摘要: 正在出现的数据密集型应用，如传感器网络中的数据处理，广域网中网络流量分析和电子商务及股市在线分析等等，都需要新的技术和方法来处理高速产生的大规模流数据。作为数据挖掘的主要技术之一，对流数据进行聚类的方法得到广泛的研究。在本篇论文中，我们研究高速产生的数据流中 k中值点（k-median）的快速估计，特别是这些数据来源于高维空间。k中值点是度量聚类方法的一种。我主要目的是能够尽量减少计算时间，同时能够用尽量小的内存获得尽量精确的k中值点。我们的工作起始于以下的观察：已有的算法尽管有不同量级的理论结果，但是他们实际的性能却是非常一致。这种原因在于用尽量小的内存来获得近似的k中值点时，通常需要复杂的运算来维护一个压缩的“概要”（sketch）结构。这个“概要”往往通过一个现成的算法将不同时段的数据加以压缩处理而得到。但是在每个时段上所运行的算法也不能得到精确的解。
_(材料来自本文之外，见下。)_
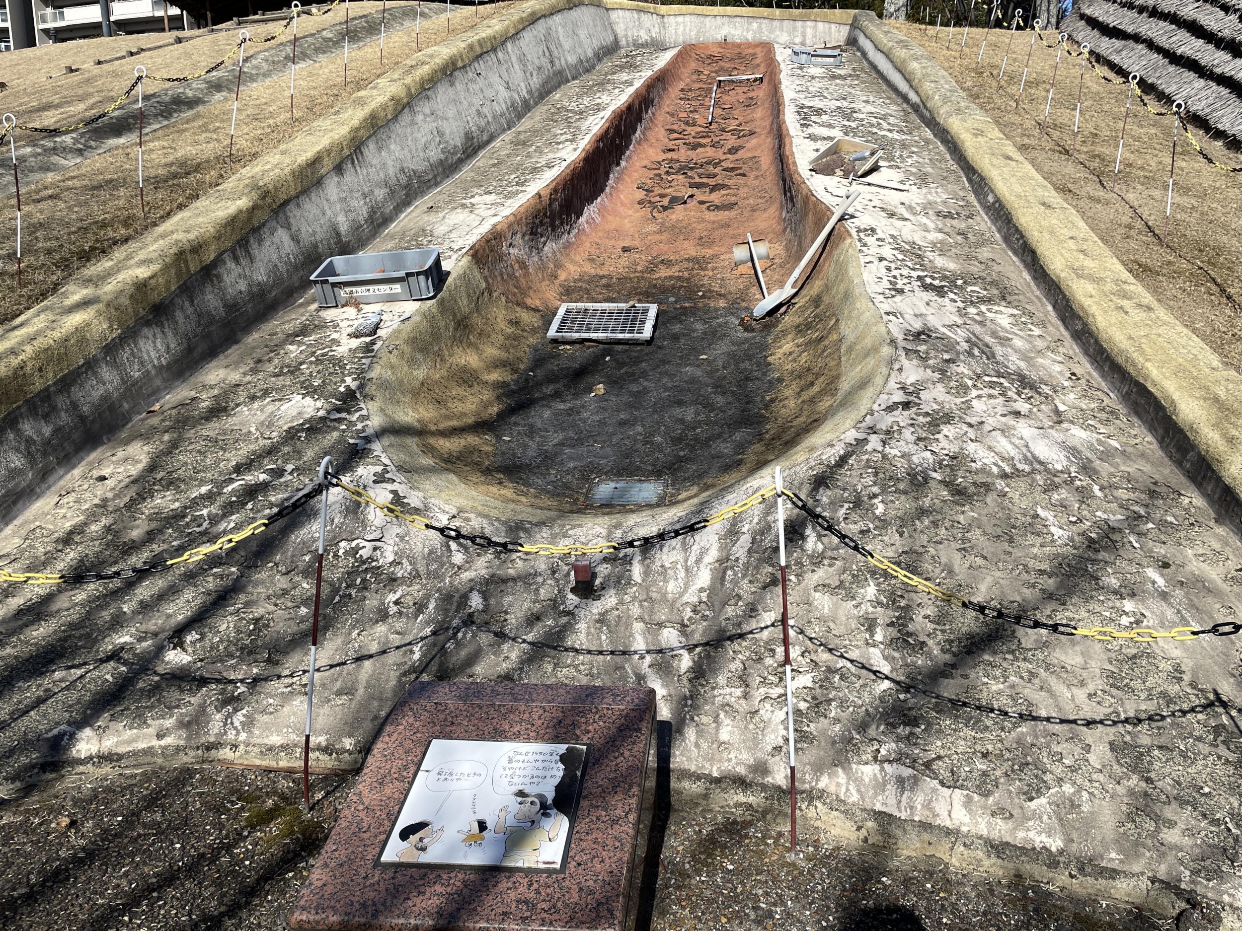 新池を反時計回りに見るべきところ逆に回って来たと分かりました。マンガは今城塚古墳の案内板と同じ絵本作家ヨシトミヤスオ氏の作品です。

因此，在不同时段上所产生的误差会随着流数据注入而积累起来，这使得大多数算法只能取得较差的近似结果，在实际运算中模糊不同算法的差异。我们在本篇论文中，提出基于格子的快速近似算法。这种近似方法不要将流数据分成不同的时段，因此不会产生随时间增长的误差。其中的一个重要概念是（1－ε）占优。在流数据上，我们将k中值点问题简化为一个流数据上频繁项搜索问题。这个简化是基于格子中点密集程度和（1－ε）占优之间的联系来达成的。这种方法的主要优点是不需要分时段压缩数据，这样就省掉每段费时的压缩运算，同时不会产生误差的累积。我们的主要贡献是， • 我们提出基于格子的有损压缩方法，它比基于分段压缩数据的方法有明显的优点。通过（ 1－ε）占优的概念，这种方法能够控制格子的个数这个关键问题。 • 我们提供两种方法来建立基于格子的压缩结构。 • 我们通过详尽的实验来研究各种算法的优劣。在实验数据和真实数据上，发现我们的方法都能够取得好的性能。同时，我们的实验研究也是第一次实现一些理论结果。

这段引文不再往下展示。